Data block Block Start

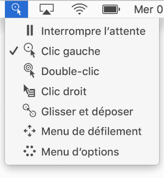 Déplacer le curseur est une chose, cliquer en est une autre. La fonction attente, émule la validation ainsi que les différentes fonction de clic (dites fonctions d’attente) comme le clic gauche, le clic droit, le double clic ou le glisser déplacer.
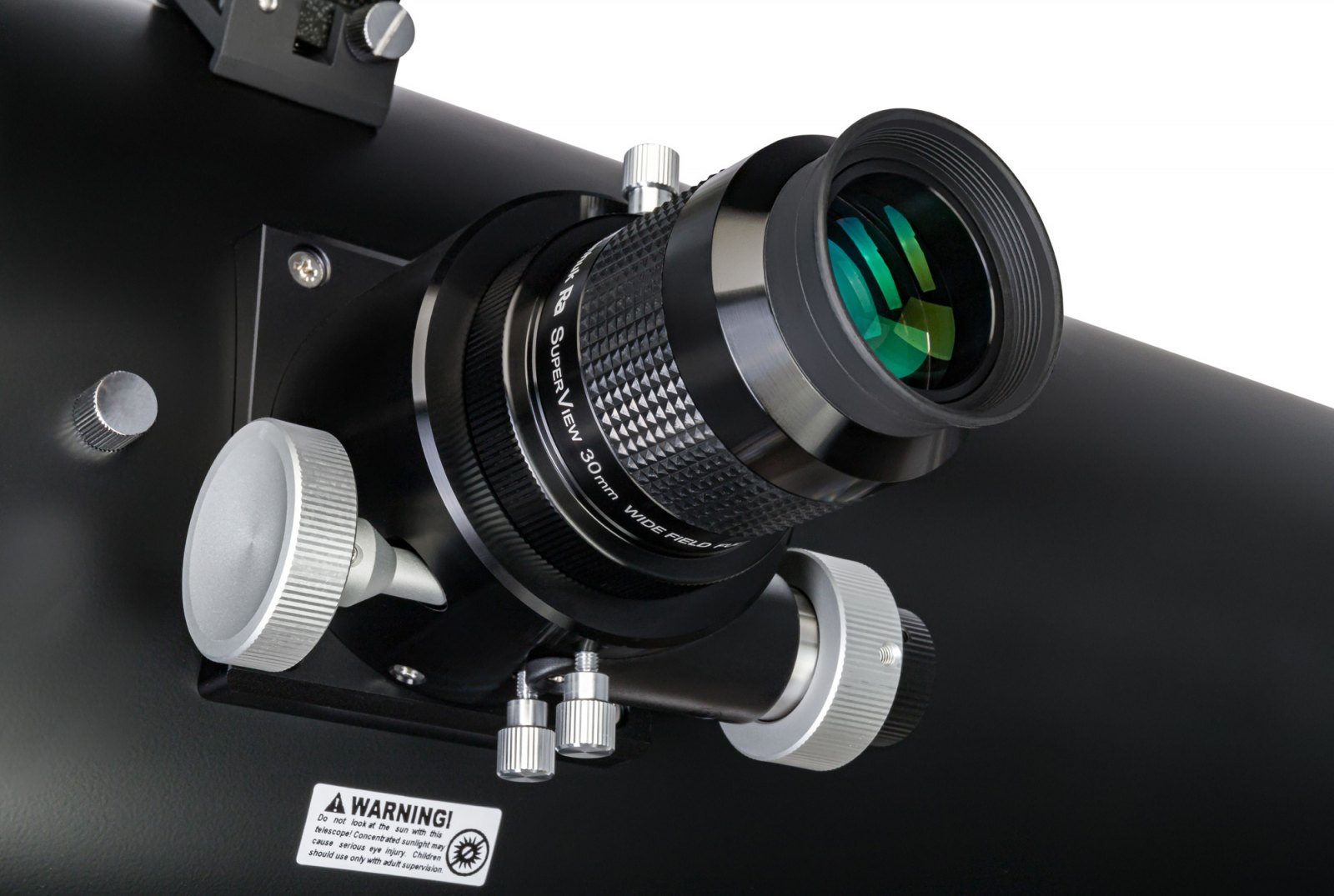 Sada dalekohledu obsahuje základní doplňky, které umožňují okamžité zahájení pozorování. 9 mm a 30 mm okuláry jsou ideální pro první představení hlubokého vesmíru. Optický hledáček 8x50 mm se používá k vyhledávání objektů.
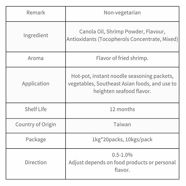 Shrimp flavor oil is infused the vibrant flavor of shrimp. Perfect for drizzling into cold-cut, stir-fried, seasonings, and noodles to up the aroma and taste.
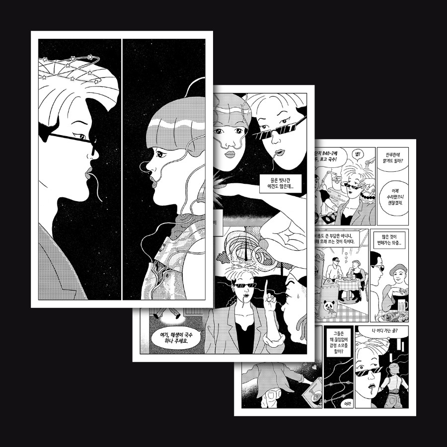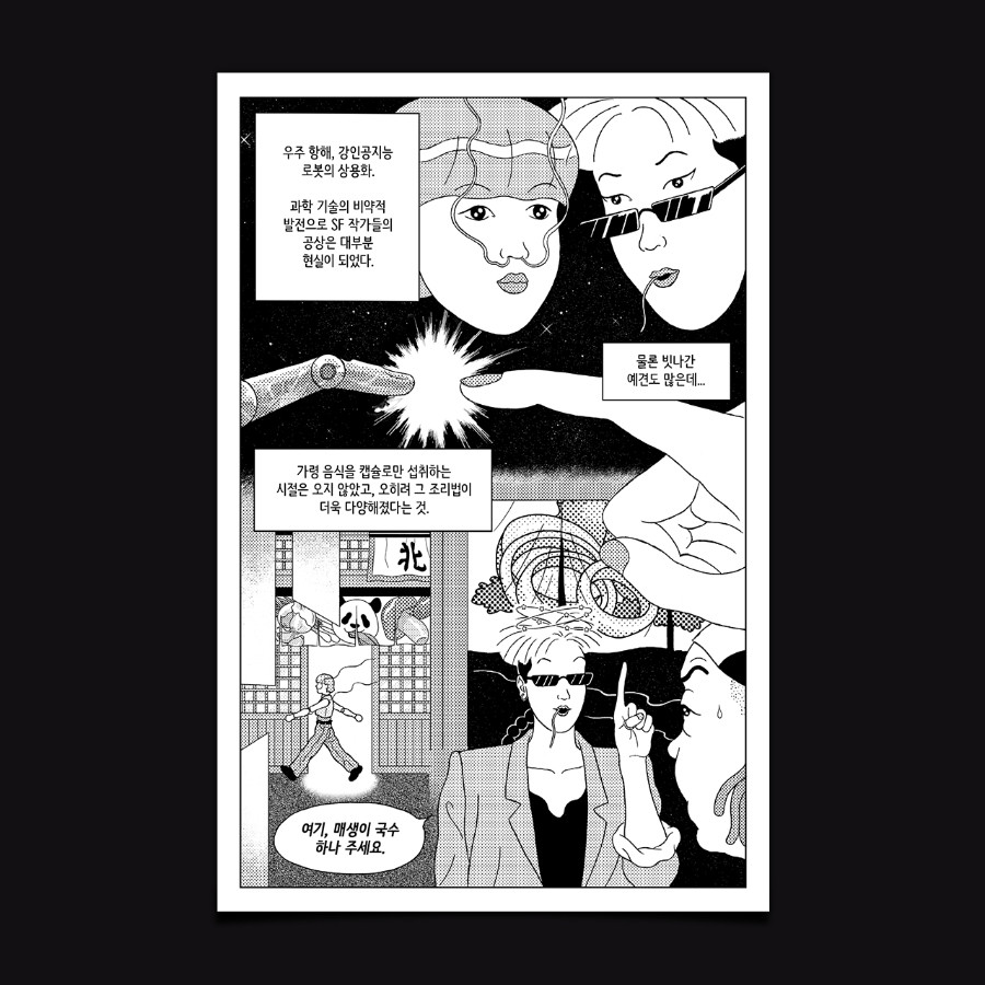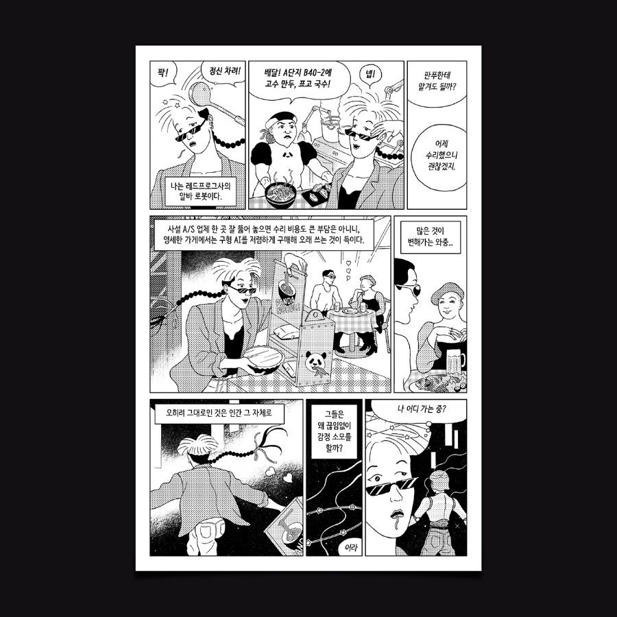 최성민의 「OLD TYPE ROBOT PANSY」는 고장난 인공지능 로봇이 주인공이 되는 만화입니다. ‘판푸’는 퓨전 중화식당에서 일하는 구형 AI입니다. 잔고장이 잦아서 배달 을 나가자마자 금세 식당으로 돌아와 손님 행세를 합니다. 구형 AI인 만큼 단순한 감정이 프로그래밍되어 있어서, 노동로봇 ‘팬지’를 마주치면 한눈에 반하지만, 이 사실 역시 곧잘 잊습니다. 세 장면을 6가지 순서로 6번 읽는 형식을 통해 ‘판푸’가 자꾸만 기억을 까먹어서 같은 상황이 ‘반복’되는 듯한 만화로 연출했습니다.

Data block Block End

Task objective — Omit every picture, then reproduce the rest of the listing exactly.

Answer box —
 Déplacer le curseur est une chose, cliquer en est une autre. La fonction attente, émule la validation ainsi que les différentes fonction de clic (dites fonctions d’attente) comme le clic gauche, le clic droit, le double clic ou le glisser déplacer.
 Sada dalekohledu obsahuje základní doplňky, které umožňují okamžité zahájení pozorování. 9 mm a 30 mm okuláry jsou ideální pro první představení hlubokého vesmíru. Optický hledáček 8x50 mm se používá k vyhledávání objektů.
 Shrimp flavor oil is infused the vibrant flavor of shrimp. Perfect for drizzling into cold-cut, stir-fried, seasonings, and noodles to up the aroma and taste.
 최성민의 「OLD TYPE ROBOT PANSY」는 고장난 인공지능 로봇이 주인공이 되는 만화입니다. ‘판푸’는 퓨전 중화식당에서 일하는 구형 AI입니다. 잔고장이 잦아서 배달 을 나가자마자 금세 식당으로 돌아와 손님 행세를 합니다. 구형 AI인 만큼 단순한 감정이 프로그래밍되어 있어서, 노동로봇 ‘팬지’를 마주치면 한눈에 반하지만, 이 사실 역시 곧잘 잊습니다. 세 장면을 6가지 순서로 6번 읽는 형식을 통해 ‘판푸’가 자꾸만 기억을 까먹어서 같은 상황이 ‘반복’되는 듯한 만화로 연출했습니다.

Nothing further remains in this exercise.